## Exercise directions
Repeat the records below exactly from the line containing "公司营业总收入为5.47亿元" to the line containing "De woonkamer ligt", taking in both of those lines. Drop the pictures.

Start of Data provided

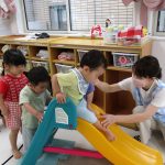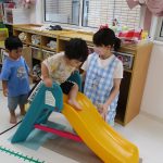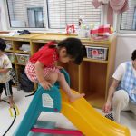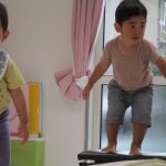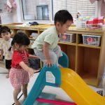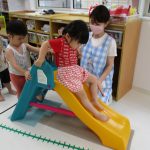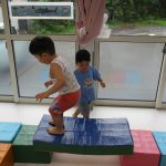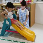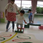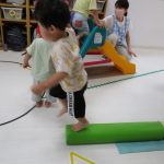 平均台の一本橋を渡って、すべり台をすべりました!!
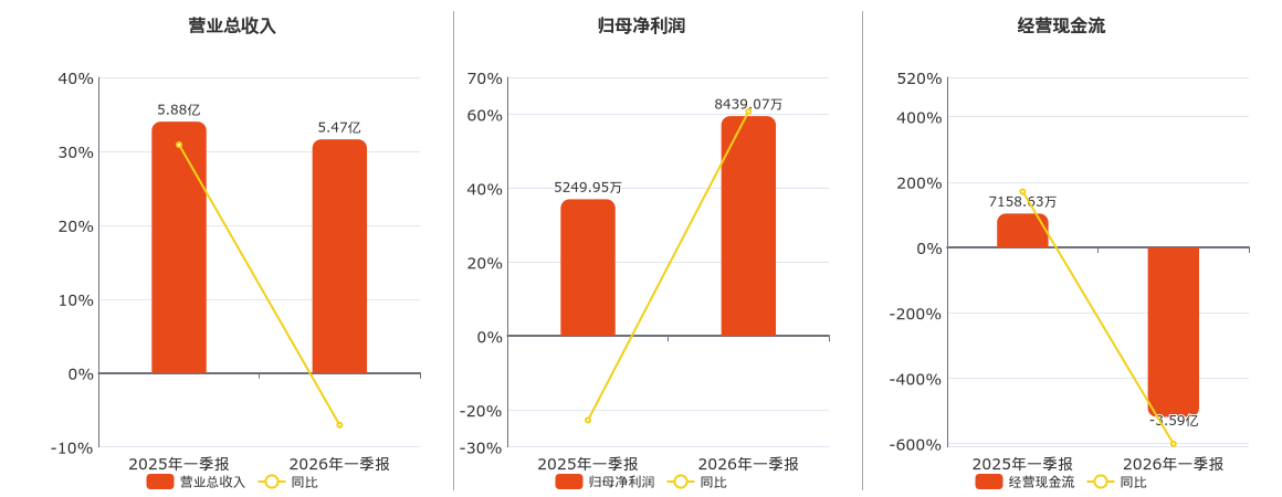 公司营业总收入为5.47亿元,较去年同报告期营业总收入减少4137.20万元,同比较去年同期下降7.04%。归母净利润为8439.07万元。经营活动现金净流入为-3.59亿元,在已披露的同业公司中排名第7,较去年同报告期经营活动现金净流入减少4.30亿元,同比较去年同期下降600.83%。
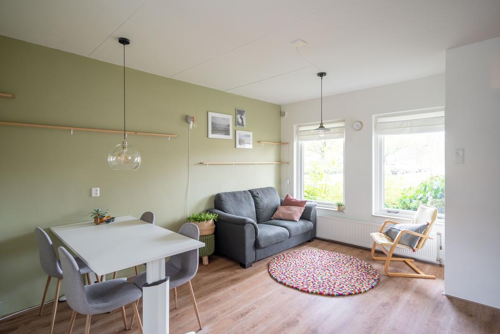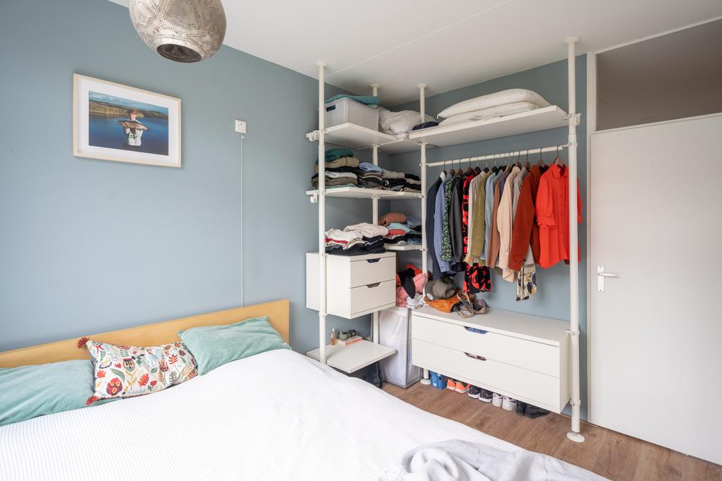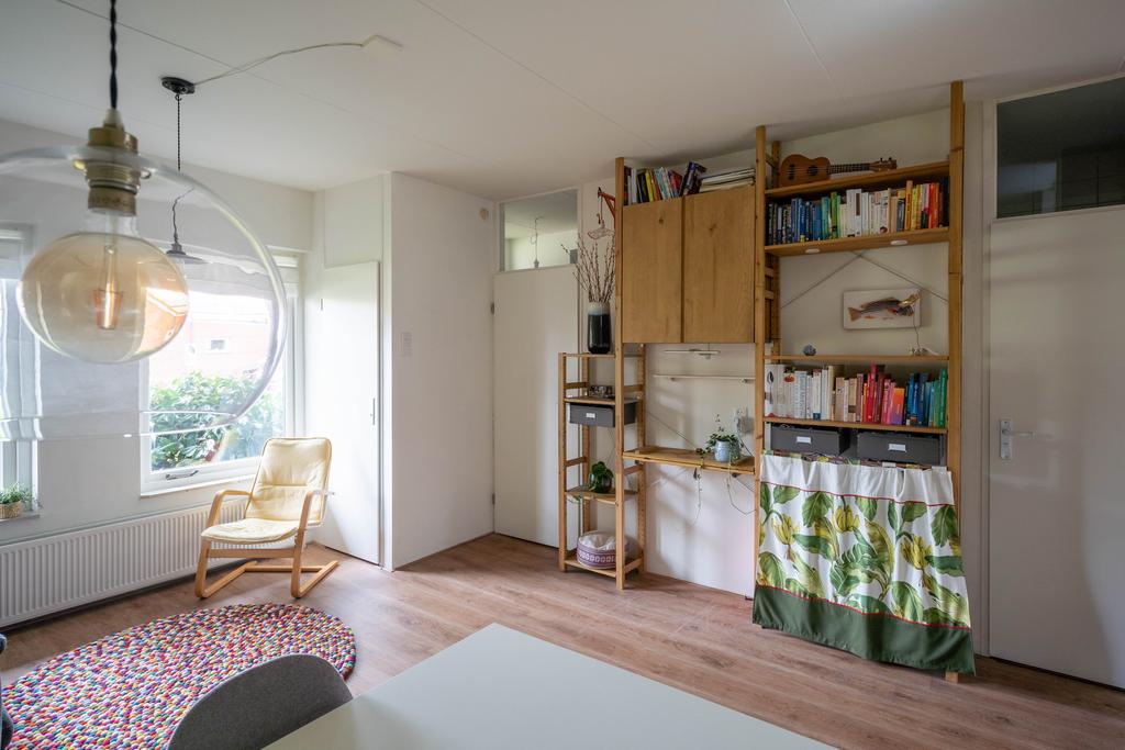 De woonkamer ligt aan de voorzijde, is ruim en fijn licht door de grote raampartij. In 2016 zijn HR++ ramen geplaatst wat heerlijk comfortabel wonen is. Je kijkt uit op een parkachtige omgeving. Aan de achterzijde van het appartement ligt de keuken en de slaapkamer. De slaapkamer is ruim (10m2) en heeft voldoende plaats voor een goede kast. De grote raam geef veel licht en een plezierig uitzicht over uitzicht over de tuin.
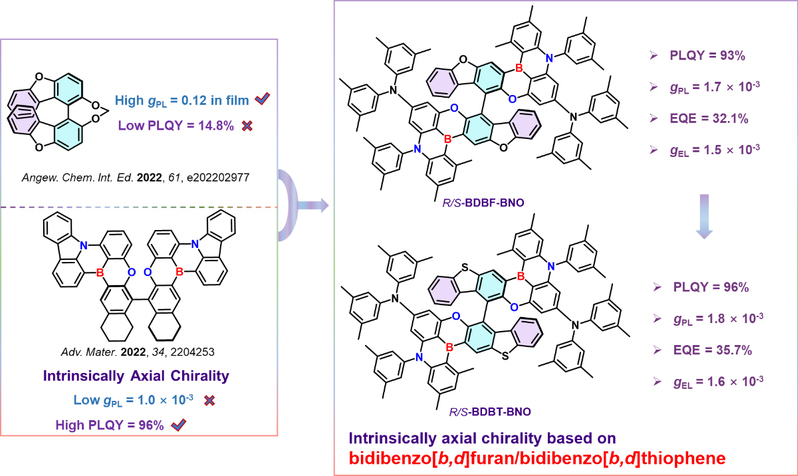 为了解决这一问题,郑佑轩课题组在之前的工作中提出了一种空间位阻辅助的双核策略来合成CP-MR-TADF材料,从而使手性八氢联萘酚单元可以参与到前线轨道分布中,提高了材料的CPL 性能(Adv. Mater., 2022, 34, 2204253)。但是由于八氢联萘酚基团在前线轨道分布中的占比不够高,CPL发光强度较弱,不对称因子(g)也仅为1.0×10-3。与手性八氢联萘酚单元相比,[1,1’-联二苯并[b,d]呋喃]-2,2’-二醇分子更加扭曲,具有更多的分子内基团重叠,空间位阻大,有利于实现更好的CPL性能。因此,预计通过将该手性单元与MR-TADF单元相结合,可以得到具有更优良CPL性能的CP-MR-TADF材料并制备CP-OLED器件。
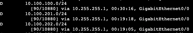 10.255.255.0/30 is a transit network that can be ignored, but the routes starting in 10.100.x.x will now be summarized with the below command.

End of Data provided

## Completed task
 公司营业总收入为5.47亿元,较去年同报告期营业总收入减少4137.20万元,同比较去年同期下降7.04%。归母净利润为8439.07万元。经营活动现金净流入为-3.59亿元,在已披露的同业公司中排名第7,较去年同报告期经营活动现金净流入减少4.30亿元,同比较去年同期下降600.83%。
 De woonkamer ligt aan de voorzijde, is ruim en fijn licht door de grote raampartij. In 2016 zijn HR++ ramen geplaatst wat heerlijk comfortabel wonen is. Je kijkt uit op een parkachtige omgeving. Aan de achterzijde van het appartement ligt de keuken en de slaapkamer. De slaapkamer is ruim (10m2) en heeft voldoende plaats voor een goede kast. De grote raam geef veel licht en een plezierig uitzicht over uitzicht over de tuin.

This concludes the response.